Labels like allegory and parable surely scare off some readers. Among the secular, these are loaded terms, off-putting ones. They see too much hypocrisy in worship. It’s been seen for ages. Hell, Mark Twain once wrote, “If Christ were here now, there is one thing he would not be—a Christian.” Near the end of Miracles Along County Q, one of the central characters—old man Morger—says: “For all the worshipping going on, there’s very little faith, certainly not in each other, not even in a power higher than ourselves. I swear, if a second coming actually happened, the messiah wouldn’t be persecuted, wouldn’t be crucified. Would be overlooked entirely, I’m sure of it.”

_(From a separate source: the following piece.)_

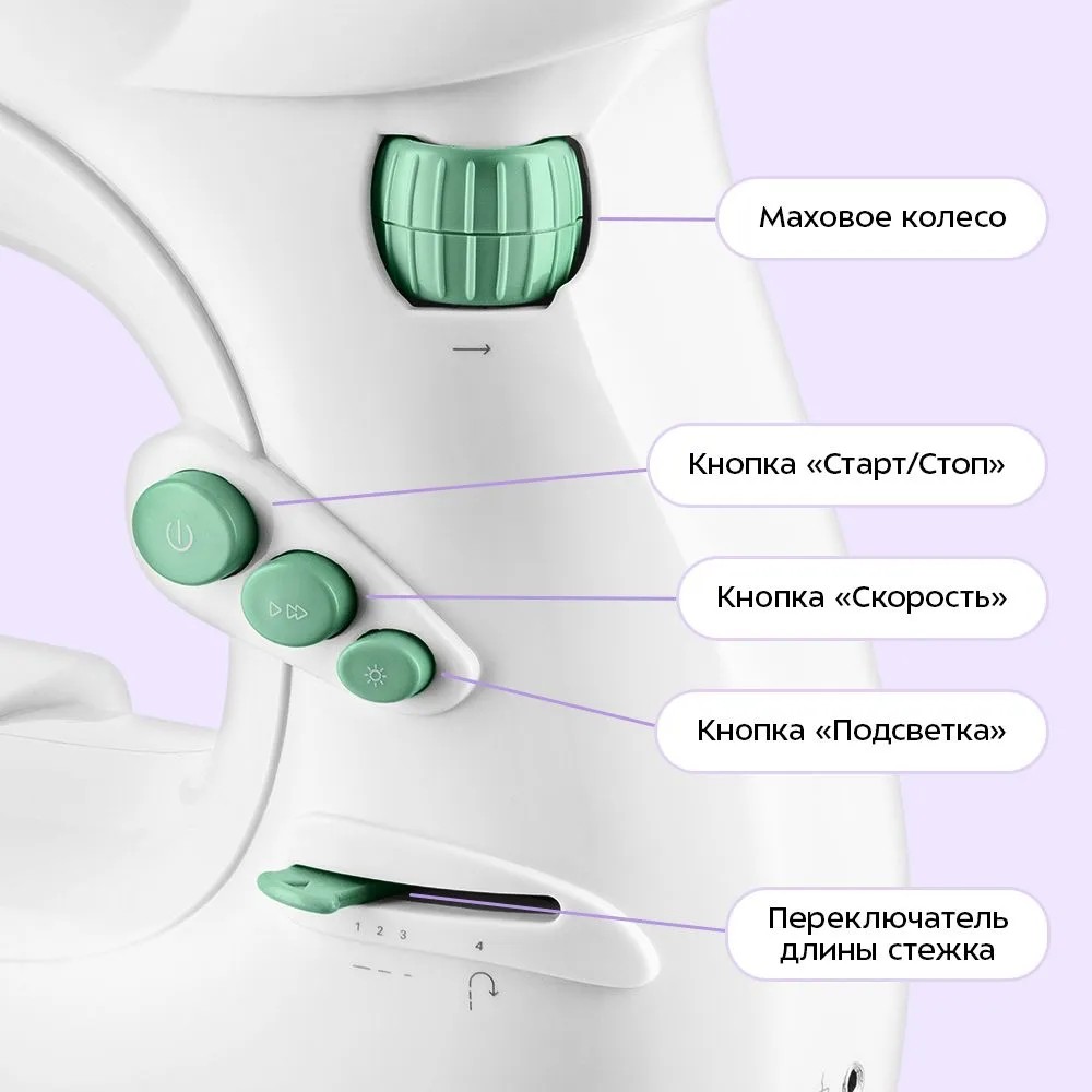 Функциональные особенности швейного оборудования: Реверс, Регулировка скорости шитья, Регулятор длины стежка, Подсветка рабочей зоны
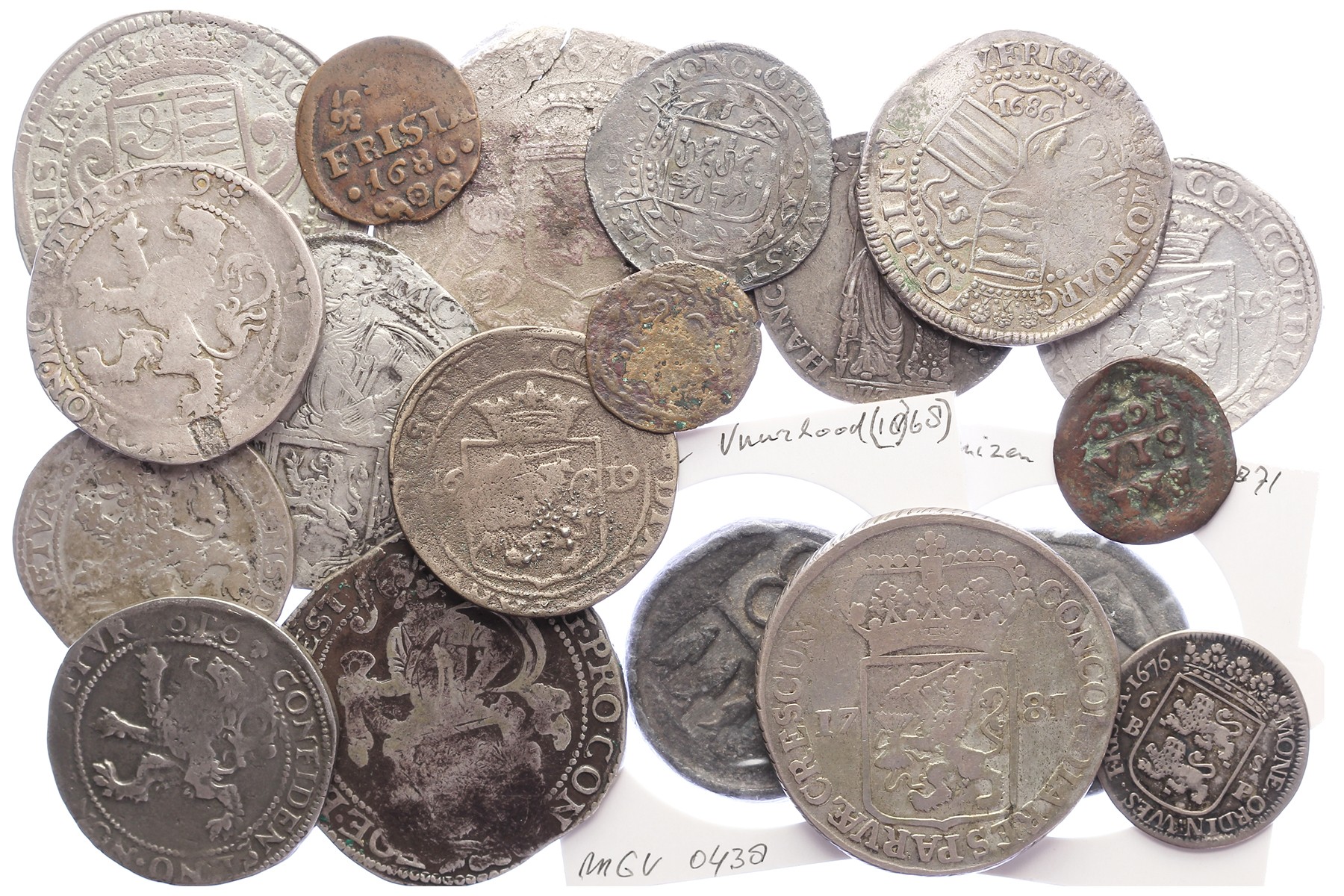 Kistje (ca. 15 stuks) uitsluitend zilver, o.a. Leeuwendaalder, rijders, dukaat etc. Matige kwaliteit!

Setting my novel in a fictional Wisconsin town named Faith was a deliberate choice, one that undoubtedly put off a few more readers. Chose it because of what’s being lost, what’s gone missing in too many lives. Like a thousand Faiths scattered throughout the country, faith is withering in America. It’s shriveling because it’s not properly understood, and that miscomprehension is causing it to be downsized.
Faith is equated to piety, but the two are not synonyms. When I say I am a man of faith, I am not proclaiming a religious bent. Faith is far more ambitious than that. Faith is not merely worship; it’s a deep understanding of the importance of belief in what’s possible. I have faith in democracy, which means I believe in my fellow citizens. I have faith in humanity, meaning I believe in the goodness in people despite an abundance of familiarity with cruelty and savagery.
We have invented machines that can gather information far faster than we can, write faster, calculate faster, make things faster. As intelligent as we’ve made them, they are not capable of empathy or generosity. They do not have faith, nor do they possess faith’s sibling, imagination. They only know what is, not what could be. They can sift through a hundred information sources, or a thousand, or a million, in a matter of seconds, then give you an answer. They cannot imagine a previously unfathomed possibility, or believe in it.
Faith is imagination, imagination is an act of faith. Nothing is more central to what it means to be human. Nothing is more intelligent.